Sinyal ini masih negatif, menunjukkan bahwa Bitcoin masih diposisikan secara hati-hati terkait utilitas jaringannya. Akibatnya, alih-alih melakukan pembelian acak, pelaku pasar mengalokasikan modal secara selektif.
NVT Golden Cross Menyoroti Undervaluasi Struktural
NVT Golden Cross membandingkan perilaku pasar jangka pendek dan panjang. Ketika NVT jangka pendek turun di bawah tren jangka panjang, kapitalisasi pasar Bitcoin tertinggal dari aktivitas transaksi. Secara historis, deviasi ini terjadi selama deleveraging paksa dan periode penghindaran risiko.
Selain itu, mereka sering menandai fase akumulasi utama. Oleh karena itu, trader yang memantau indikator ini dapat mengidentifikasi kapan Bitcoin secara fundamental undervalued, terlepas dari sentimen harga.
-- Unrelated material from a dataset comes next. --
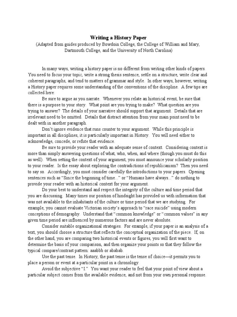 "n many ways, writing a history paper is no different from writing other #inds of papers$ %ou need to focus your topic, write a strong thesis sentence, settle on a structure, write clear and coherent paragraphs, and tend to matters of grammar and style$ "n other ways, however, writing a &istory paper re'uires some understanding of the conventions of the discipline$ A few tips are collected here( Be sure to argue as you narrate$ Whenever you relate an historical event, be sure that there is a purpose to your story$ What point are you trying to ma#e) What 'uestion are you trying to answer) *he details of your narrative should support that argument$ Details that are irrelevant need to be omitted$ Details that distract attention from your main point need to be dealt with in another paragraph$ Don+t ignore evidence that runs counter to your argument$ While this principle is important in all disciplines, it is particularly important in &istory$ %ou will need either to ac#nowledge, concede, or refute that evidence$ Be sure to provide your reader with an ade'uate sense of conte,t$ Considering conte,t is more than simply answering 'uestions of what, who, when, and where (though you must do this as well!$ When setting the conte,t of your argument, you must announce your scholarly position to your reader$ "s the essay about e,ploring the contradictions of republicanism) *hen you need to say so$ Accordingly, you must consider carefully the introductions to your papers$ -pening sentences such as ./ince the beginning of time$$$0 or .&umans have always$$$0 do nothing to provide your reader with an historical conte,t for your argument$ Do your best to understand and respect the integrity of the culture and time period that you are discussing$ Many times our position of hindsight has provided us with information that was not available to the inhabitants of the culture or time period that we are studying$ 1or e,ample, you cannot evaluate 2ictorian society+s approach to .race suicide0 using modern conceptions of demography$ Understand that .common #nowledge0 or .common values0 in any given time period are influenced by numerous factors and are never absolute$ Consider suitable organi3ational strategies$ 1or e,ample, if your paper is an analysis of a te,t, you should choose a structure that reflects the conceptual organi3ation of the piece$ "f, on the other hand, you are comparing two historical events or figures, you will first want to determine the basis of your comparison, and then organi3e your points so that they follow the typical compare4contrast pattern( aaabbb or ababab$ Use the past tense$ "n &istory, the past tense is the tense of choice5it permits you to place a person or event at a particular point in a chronology$ Avoid the sub6ective ."$0 %ou want your reader to feel that your point of view about a particular sub6ect comes from the available evidence, and not from your own personal response$

Selain itu, CryptoQuant mencatat bahwa siklus terbaru mencerminkan penurunan pertumbuhan permintaan. Setelah tiga gelombang permintaan spot utama sejak 2023—didorong oleh peluncuran ETF spot AS, hasil pemilihan presiden, dan akumulasi treasury—pasar kini menghadapi kontraksi.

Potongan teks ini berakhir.